As National First Responder’s Day is celebrated today, there is a concerted effort to further honor the heroic efforts of these brave individuals by making October 28 an official holiday. For those interested in helping that cause, visit the All Clear Foundation.

And for those considering becoming a first responder as a career, Eagle has some sage advice.

“There are many volunteer departments around the country that are looking for good people. That is a great way to get your foot in the door and see if that career path is right for you,” he said. “When applying for a career department, don't be intimidated by the numbers of people applying. Keep trying. It might take several times before you get hired.

“Start young, most places have an age limit as to when you can start. The younger you are when you start applying, the more time you have to make it on the job. Most importantly, get and keep yourself in shape. Being a first responder is physical work and requires dedication. If you look fit when you apply, you have already checked two big boxes without saying a word.”

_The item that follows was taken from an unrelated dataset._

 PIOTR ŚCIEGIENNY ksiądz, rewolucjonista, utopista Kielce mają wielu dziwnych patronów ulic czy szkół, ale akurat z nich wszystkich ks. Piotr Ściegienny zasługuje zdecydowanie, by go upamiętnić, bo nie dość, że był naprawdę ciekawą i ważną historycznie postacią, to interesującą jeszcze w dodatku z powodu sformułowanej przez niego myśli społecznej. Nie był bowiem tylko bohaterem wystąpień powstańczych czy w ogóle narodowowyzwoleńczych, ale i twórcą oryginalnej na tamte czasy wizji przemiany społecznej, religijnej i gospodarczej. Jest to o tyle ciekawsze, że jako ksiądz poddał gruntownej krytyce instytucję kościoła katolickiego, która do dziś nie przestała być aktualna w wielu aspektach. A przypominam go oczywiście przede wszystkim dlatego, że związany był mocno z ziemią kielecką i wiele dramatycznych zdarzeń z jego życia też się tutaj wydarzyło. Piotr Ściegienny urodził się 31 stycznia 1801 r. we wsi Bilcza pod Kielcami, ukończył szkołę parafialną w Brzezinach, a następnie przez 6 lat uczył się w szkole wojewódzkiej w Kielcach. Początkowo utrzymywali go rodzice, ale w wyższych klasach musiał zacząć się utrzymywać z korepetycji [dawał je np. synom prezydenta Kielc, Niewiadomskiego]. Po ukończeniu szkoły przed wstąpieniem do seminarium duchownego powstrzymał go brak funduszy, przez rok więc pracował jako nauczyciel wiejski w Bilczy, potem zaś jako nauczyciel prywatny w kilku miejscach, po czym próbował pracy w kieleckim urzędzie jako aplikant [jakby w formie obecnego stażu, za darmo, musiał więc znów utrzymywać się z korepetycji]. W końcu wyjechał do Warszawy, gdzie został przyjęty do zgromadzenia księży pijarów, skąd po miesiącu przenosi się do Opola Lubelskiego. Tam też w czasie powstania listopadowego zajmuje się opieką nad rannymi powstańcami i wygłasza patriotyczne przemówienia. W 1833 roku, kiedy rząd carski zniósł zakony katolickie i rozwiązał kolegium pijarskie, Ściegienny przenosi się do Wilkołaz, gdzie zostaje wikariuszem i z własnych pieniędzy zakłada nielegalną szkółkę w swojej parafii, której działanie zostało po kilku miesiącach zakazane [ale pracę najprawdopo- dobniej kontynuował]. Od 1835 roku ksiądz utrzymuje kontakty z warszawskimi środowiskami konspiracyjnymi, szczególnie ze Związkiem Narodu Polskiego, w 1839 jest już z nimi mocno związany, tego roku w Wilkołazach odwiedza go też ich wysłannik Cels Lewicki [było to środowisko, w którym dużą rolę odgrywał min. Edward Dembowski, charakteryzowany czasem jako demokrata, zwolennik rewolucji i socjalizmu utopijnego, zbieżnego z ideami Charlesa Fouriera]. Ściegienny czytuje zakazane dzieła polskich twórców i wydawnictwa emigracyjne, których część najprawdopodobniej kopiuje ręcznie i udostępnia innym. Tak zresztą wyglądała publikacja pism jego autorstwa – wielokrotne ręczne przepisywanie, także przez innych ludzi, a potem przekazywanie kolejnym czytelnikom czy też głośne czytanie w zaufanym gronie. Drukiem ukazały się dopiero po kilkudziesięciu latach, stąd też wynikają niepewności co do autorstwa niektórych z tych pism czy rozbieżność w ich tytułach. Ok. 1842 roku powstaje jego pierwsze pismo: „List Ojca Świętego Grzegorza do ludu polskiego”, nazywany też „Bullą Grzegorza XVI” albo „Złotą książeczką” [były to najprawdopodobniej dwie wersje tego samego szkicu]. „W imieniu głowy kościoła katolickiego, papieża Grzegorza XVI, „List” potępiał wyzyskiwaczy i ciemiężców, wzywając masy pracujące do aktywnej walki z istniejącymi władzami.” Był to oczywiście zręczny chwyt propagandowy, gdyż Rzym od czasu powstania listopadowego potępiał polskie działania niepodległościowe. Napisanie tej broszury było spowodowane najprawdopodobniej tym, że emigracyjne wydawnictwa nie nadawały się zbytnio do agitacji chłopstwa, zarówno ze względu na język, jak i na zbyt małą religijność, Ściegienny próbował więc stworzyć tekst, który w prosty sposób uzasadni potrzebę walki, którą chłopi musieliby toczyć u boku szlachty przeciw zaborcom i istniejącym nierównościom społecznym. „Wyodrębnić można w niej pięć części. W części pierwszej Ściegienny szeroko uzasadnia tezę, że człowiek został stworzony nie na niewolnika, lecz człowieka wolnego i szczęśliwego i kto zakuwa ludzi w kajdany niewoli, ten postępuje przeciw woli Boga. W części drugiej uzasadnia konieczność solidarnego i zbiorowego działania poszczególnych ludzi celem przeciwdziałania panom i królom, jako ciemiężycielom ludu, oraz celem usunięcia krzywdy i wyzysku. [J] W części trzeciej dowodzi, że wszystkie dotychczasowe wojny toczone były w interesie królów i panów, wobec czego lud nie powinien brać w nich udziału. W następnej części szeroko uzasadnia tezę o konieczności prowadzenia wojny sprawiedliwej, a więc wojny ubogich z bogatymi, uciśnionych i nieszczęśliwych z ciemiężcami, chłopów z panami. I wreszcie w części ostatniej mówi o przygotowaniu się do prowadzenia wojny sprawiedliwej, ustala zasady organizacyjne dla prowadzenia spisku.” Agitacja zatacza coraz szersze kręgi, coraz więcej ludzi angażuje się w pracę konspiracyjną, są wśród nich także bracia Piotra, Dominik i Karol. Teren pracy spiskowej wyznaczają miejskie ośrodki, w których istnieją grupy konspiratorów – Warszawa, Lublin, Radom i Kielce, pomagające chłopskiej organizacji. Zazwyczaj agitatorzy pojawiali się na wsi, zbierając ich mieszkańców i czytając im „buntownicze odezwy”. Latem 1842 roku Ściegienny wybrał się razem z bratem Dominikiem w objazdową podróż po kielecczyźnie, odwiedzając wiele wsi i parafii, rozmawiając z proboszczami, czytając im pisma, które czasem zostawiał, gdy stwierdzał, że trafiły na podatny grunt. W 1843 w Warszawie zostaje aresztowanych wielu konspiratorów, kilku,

While the 15 members of the AMR INDYCAR Safety Team who attend each race aren’t dispatched nearly as frequently at the race track, Eagle – a lieutenant for a ladder company that serves Indianapolis’ west side – sometimes runs across the similar aspects from the track at his firehouse.

In fact, among the specialized duties his truck’s crew is trained to handle are automobile extractions. That isn’t too different from his duties as INDYCAR Safety 2’s “firefighter,” a position responsible for extinguishing any fire on the car and assisting the team’s “medic” with the driver before cleaning up the debris.

“(On the firetruck) we arrive at the location of our emergency in minutes, so there is a little bit of time to prepare,” Eagle said. “In racing, we usually see the crash happen and respond in seconds. Things on the track happen so much faster. Even under cautions, the cars are going 80 miles per hour, which is still faster than any car would pass me on the road.

“Fires, however, on the track are much smaller and go out much more quickly, which is good. There are many similarities, though. Fire and EMS don't really change as to how you treat them, you just have a crowd and cameras watching when on the race track.”

Eagle, who played team sports in high school in Iowa and football at the University of South Dakota, was drawn to the team aspects, physicality and excitement of a first responder. But he didn’t know a lot about the job of being a firefighter.

“I applied on my mother-in-law’s advice,” he said. “It turned out she was very smart. The more I learned in fire school, the more I liked it. I became instantly hooked.”

Hooking the next generation of first responders is something the members of the AMR INDYCAR Safety Team are always looking to accomplish as ambassadors in red, white and blue for INDYCAR. When not on duty, they can be seen interacting with young fans who are interested in the three Chevrolet Silverado Safety Trucks and Holmatro Rescue Tools or talking to and training local firefighters who have been assigned to help at each venue.

Tim Baughman, INDYCAR’s manager of track safety and AMR INDYCAR Safety Team leader, said that in addition to finding future first responders these interactions can help team members relate their own experiences from their own firehouses with their fellow first responders.

“We learn from everyone we meet,” Baughman said. “No matter if it’s a firefighter in Toronto or a paramedic in Iowa, we always learn how similar we really are. It really makes our team better because we get to meet people like us at races. And we can relate those experiences back at our own firehouses.”

Still, balancing life as a firefighter is difficult enough without having to travel to races for up to four days away from home. First responders, like Eagle, often work shifts of “24 hours on and 48 hours off.”

Eagle credits his wife, Katrina, and their four children for making it possible to perform both jobs.

“Balancing work and family is the most difficult part for me,” Eagle said. “Just because I'm at a race doesn't mean life at home slows down. You really have to make the most of the time you have at home when you're all together.”